Appellants were not denied requests for counsel, and Escobedo is inapplicable. The officers carefully alerted appellants to their rights to remain silent and to procure counsel. They urge that they were not advised of their right to the appointment of counsel to represent them in advance of their interviews with the interrogating officers. Conceding that they enjoyed this right, it was not precisely defined until the issuance of the Supreme Court’s opinion in Miranda v. State of Arizona, 384 U.S. 436, 86 S. Ct. 1602, 16 L.Ed.2d 694 (1966). That opinion was announced on June 13, 1966, and its rules, as they affect this appeal, are not applicable to cases, such as this, wherein the trial commenced before the decision’s date. Johnson v. State of New Jersey, 384 U.S. 719, 86 S.Ct. 1772, 16 L.Ed.2d 882 (1966). It is also clear that each of the appellants, wary, knowledgeable, and free from coercion, was disinterested in legal advice at the time of his interrogation. From the testimony, it appears that each was confident of his ability to establish, by persuasion, his own innocence.
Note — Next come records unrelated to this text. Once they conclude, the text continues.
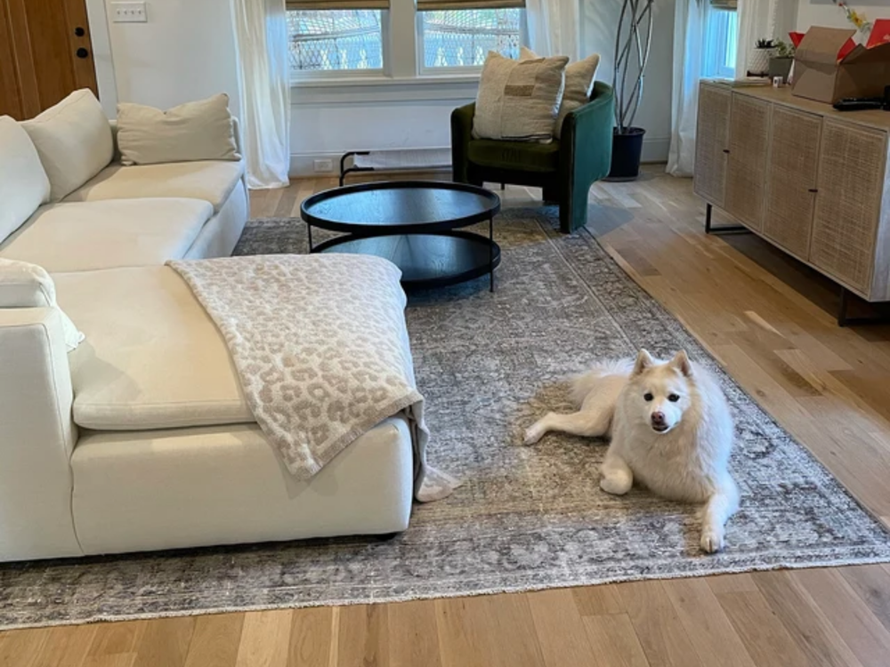 Love this rug! It arrived very quickly and looks exactly as shown in the pictures. Now if I could only get my dog to stop chewing on the rug pad underneath...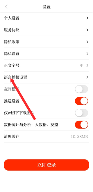 3、在设置的界面里,点击语音播报设置,进入语音播报参数调整页面。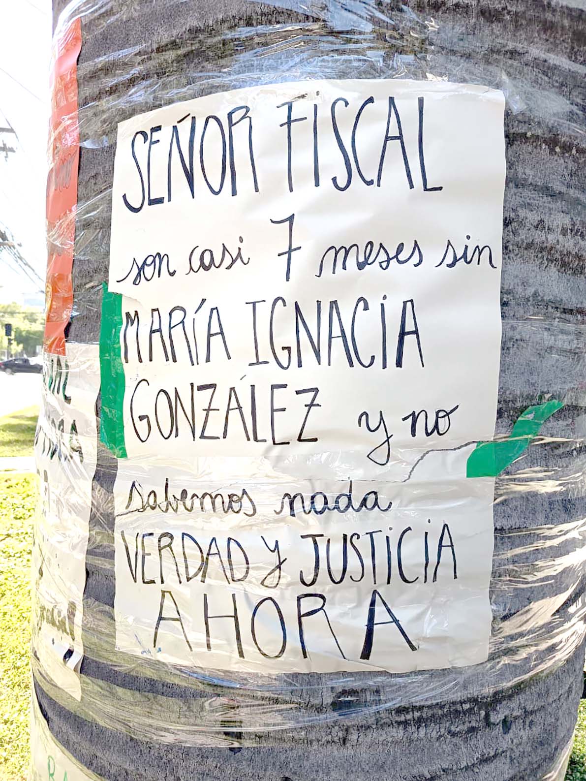 TALCA. La mañana de ayer, la comuna de Talca amaneció con afiches alusivos a la búsqueda de la desaparecida concejala de la comuna de Villa Alegre, María Ignacia González, el pasado 15 de junio. Tras casi siete meses sin conocer novedades de su paradero, la indignación de la comunidad se volvió visible en la capital maulina gracias a pancartas expuestas en la vía pública y que claman por justicia.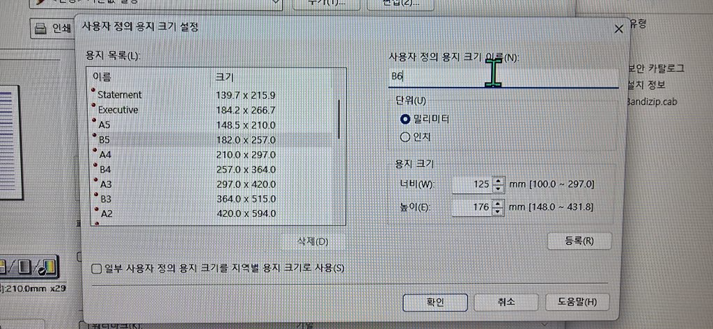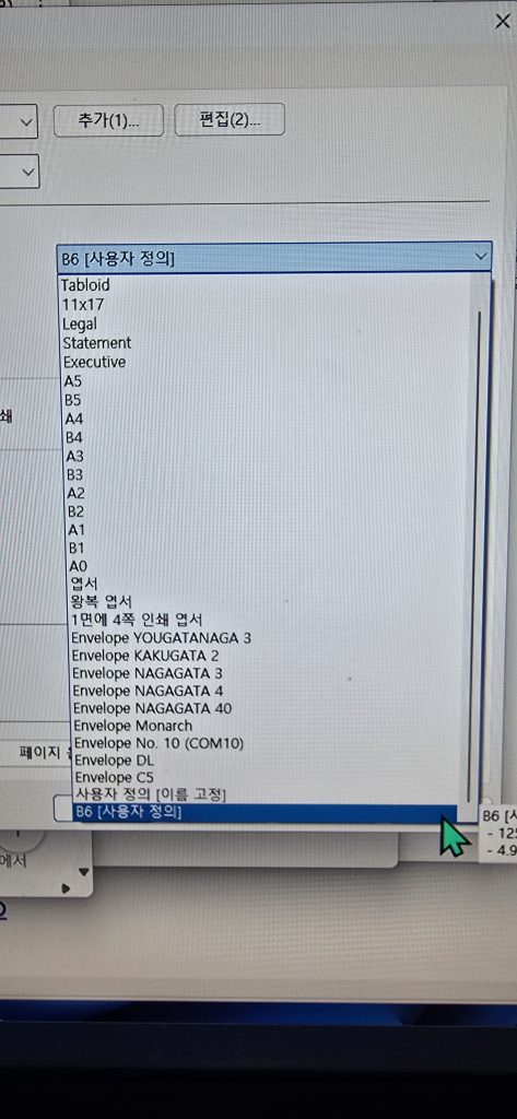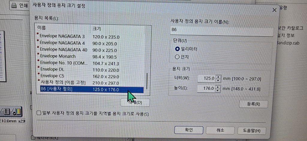 [캐논] 인쇄기본설정 – 사용자 정의 용지 크기 추가방법 안내 게시일: 2026년 03월 26일업데이트 날짜: 2026년 03월 26일게시자: admin카테고리:프린터 프로그램 사용자 정의 용지 크기 설정 – 빨간 점 ● 으로 표시된 용지 목록 아무거나 누른 후 우측에서 용지 크기 이름 변경 – 용지 크기 변경 후 [등록] 용지 목록에 추가된 B6[사용자 정의] 확인 선택 항목에 추가된 B6 [사용자 정의] 선택 Post Views: 14 admin 2870.kr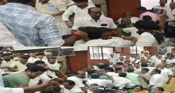 இதையடுத்து கடந்த 11-ஆம் தேதி நியமிக்கப்பட்ட குழு சார்பாக, எடப்பாடி கே.பழனிசாமி தலைமையில் கூட்டம் நடைபெற்றது. அதனை தொடர்ந்து நியமிக்கப்பட்ட தலைவர்கள் தங்களுக்கு ஒதுக்கப்பட்ட இடங்களில் கள ஆய்வுக் கூட்டம் நடத்தி வருகின்றனர். இந்த நிலையில் நெல்லை, கும்பகோணம் கள ஆய்வுக் கூட்டத்தில் மோதல் வெடித்தது. முன்னாள் அமைச்சர் எஸ்.பி வேலு மணி தலையில் நடைபெற்ற ஆய்வுக் கூட்டத்தில் நடைபெற்ற பிரச்னையால் பரபரப்பு ஏற்பட்டது. இன்று மதுரையில் அதிமுக மாநகர் மாவட்ட கழகம் சார்பில் மதுரையில் உள்ள மத்திய தொகுதி, மேற்கு, வடக்கு, மற்றும் தெற்கு என நான்கு சட்டமன்ற தொகுதிகளுக்கான கள ஆய்வுக் கூட்டம் நடைபெற்று வருகிறது. இந்நிலையில் மதுரையில் நடைபெற்ற ஆய்வு கூட்டத்தில் தள்ளு முள்ளு ஏற்பட்டு அடிதடியானது, பரபரப்பு ஏற்பட்டுள்ளது.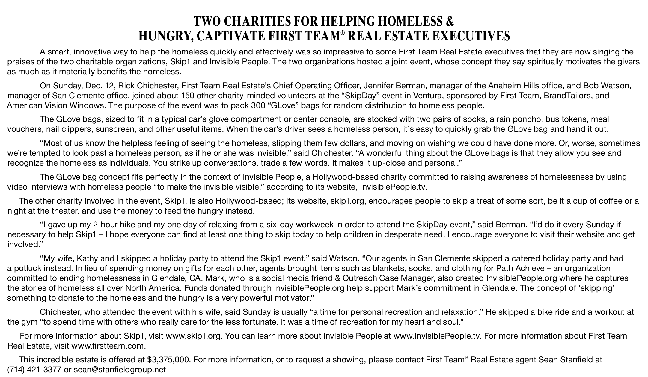 A smart, innovative way to help the homeless quickly and effectively was so impressive to some First Team Real Estate executives that they are now singing the praises of the two charitable organizations, Skip1 and Invisible People. The two organizations hosted a joint event, whose concept they say spiritually motivates the givers as much as it materially benefits the homeless.
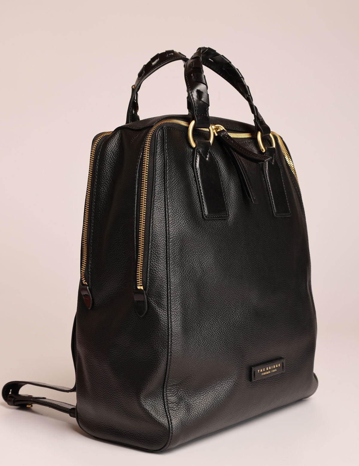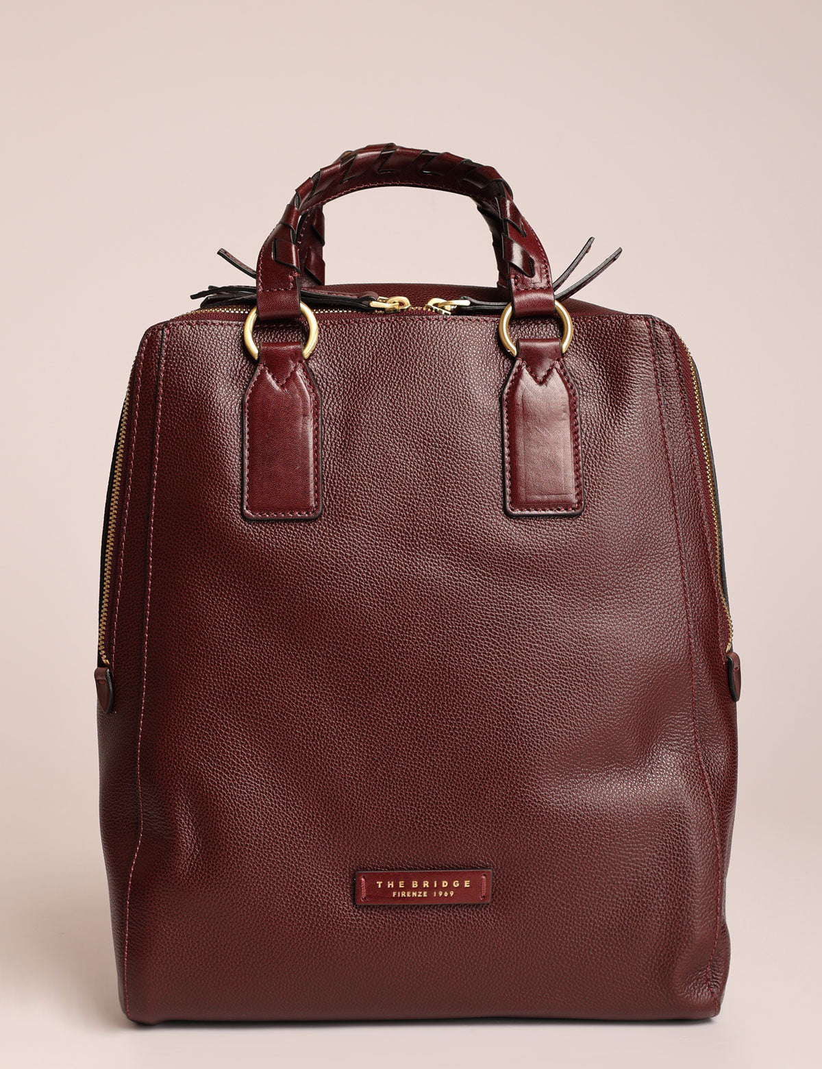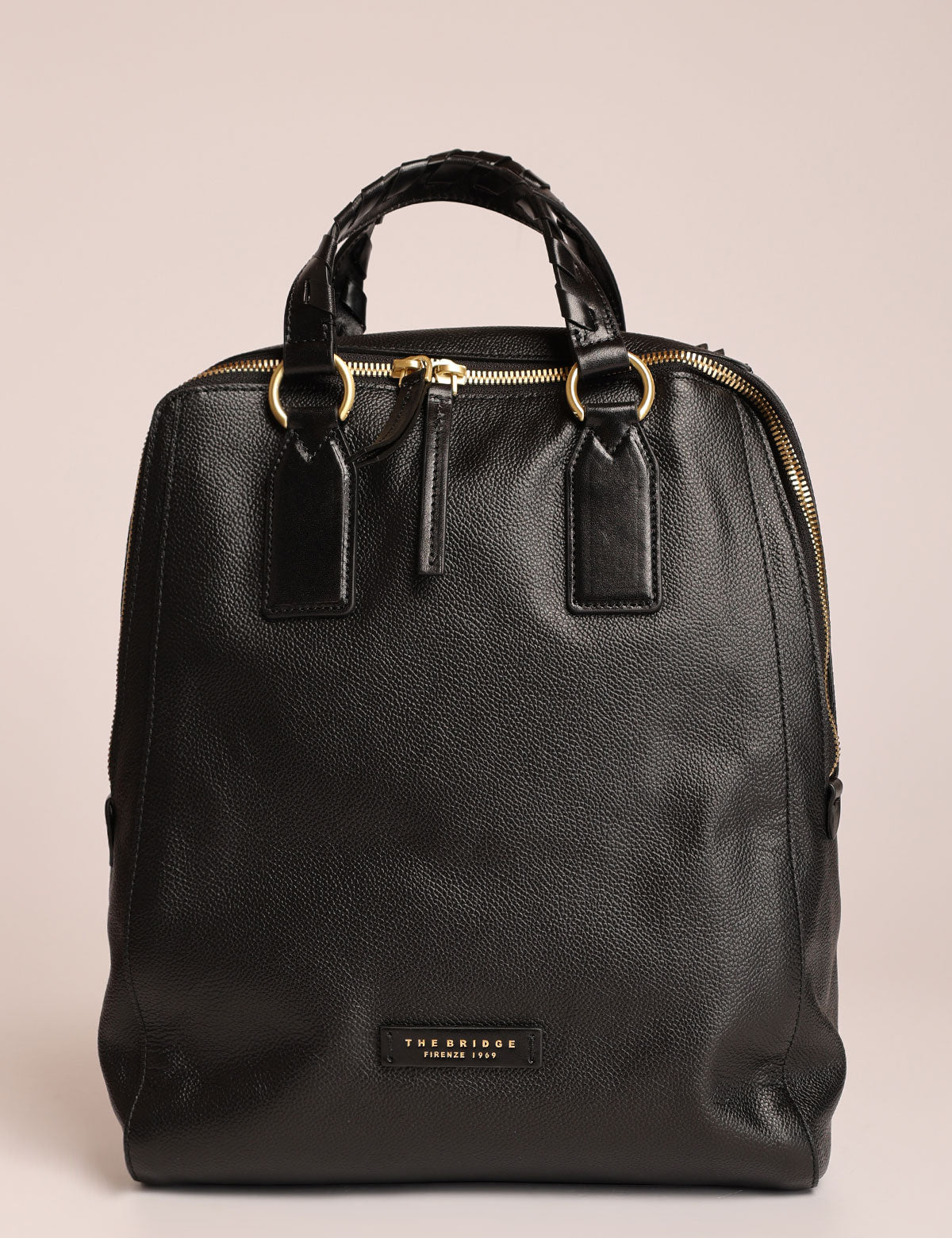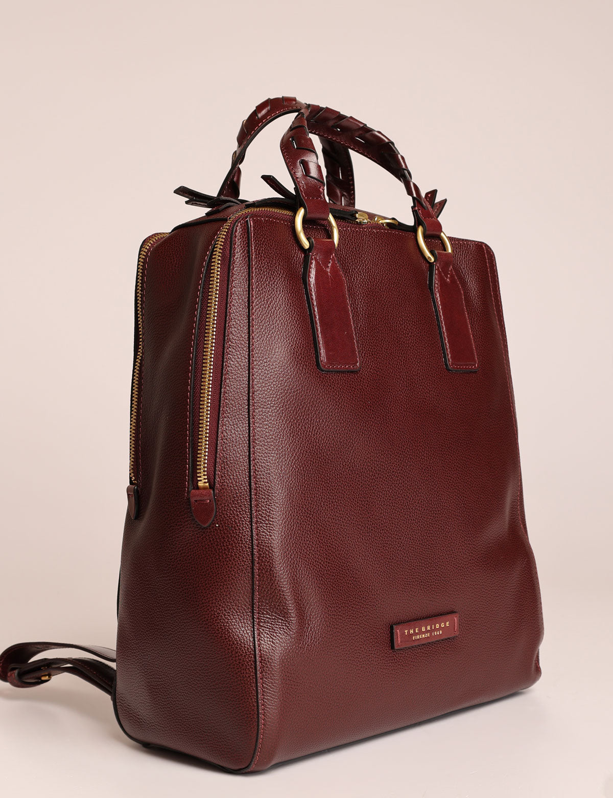 Zaino da donna The Bridge modello in pelle con doppia apertura zip e dettagli intrecciati

Next, say the appellants, the trial court committed error in admitting, without a limiting instruction, testimony as to declarations of Clounche which incriminated both Calhoun and Haas, declarations of Haas which incriminated Calhoun, and declarations of Calhoun which incriminated Haas. The prosecution concedes that there was error in the court’s failure, at the time the evidence was received, to instruct the jury, in effect, that the testimony could be properly considered only as against the particular defendant who had made the claimed admissions. The concession is required. The limiting instruction should have been given. Delli Paoli v. United States, 352 U.S. 232, 77 S.Ct. 294, 1 L.Ed.2d 278 (1957); Lutwak v. United States, 344 U.S. 604, 73 S.Ct. 481, 97 L.Ed. 593 (1953). Declarations of a conspirator, made after the conspiracy has terminated, are not binding upon his co-conspirators. Krulewitch v. United *62 States, 336 U.S. 440, 69 S.Ct. 716, 93 L.Ed. 790 (1949); Fiswick v. United States, 329 U.S. 211, 67 S.Ct. 224, 91 L.Ed. 196 (1946). In our opinion, there was no requirement that counsel specifically request the instruction. Objection to the receiving of the evidence, so manifestly hearsay, was, of itself, sufficient to alert the district judge.

The government urges that, regardless of the error, we should affirm, and we have reached the conclusion that we should do so.

No court is able to avoid mistakes, and there is rarely a trial which is conducted with ideal perfection. This is recognized in Rule 52(a), Federal Rules of Criminal Procedure, which instructs that “Any error, defect, irregularity or variance which does not affect substantial rights shall be disregarded.”

If we entertained the slightest doubt of appellants’ guilt, we would unhesitatingly grant them the protection of another trial. Here, however, the record as a whole, as did that in Lutwak v. United States, supra, “fairly shrieks the guilt of the parties.” 344 U.S. at 619, 73 S.Ct. at 490. The admitted declarations, as they referred to others than the declarants, added relatively insignificant weight to the force of the whole convicting testimony. 4 Moreover, the district judge, in his final instructions, properly advised the jury as to the restricted manner in which the declarations, hearsay except as to the particular declarant, should be applied.

Upon the basis of the whole record, we conclude that appellants suffered no prejudice from the erroneous oversight.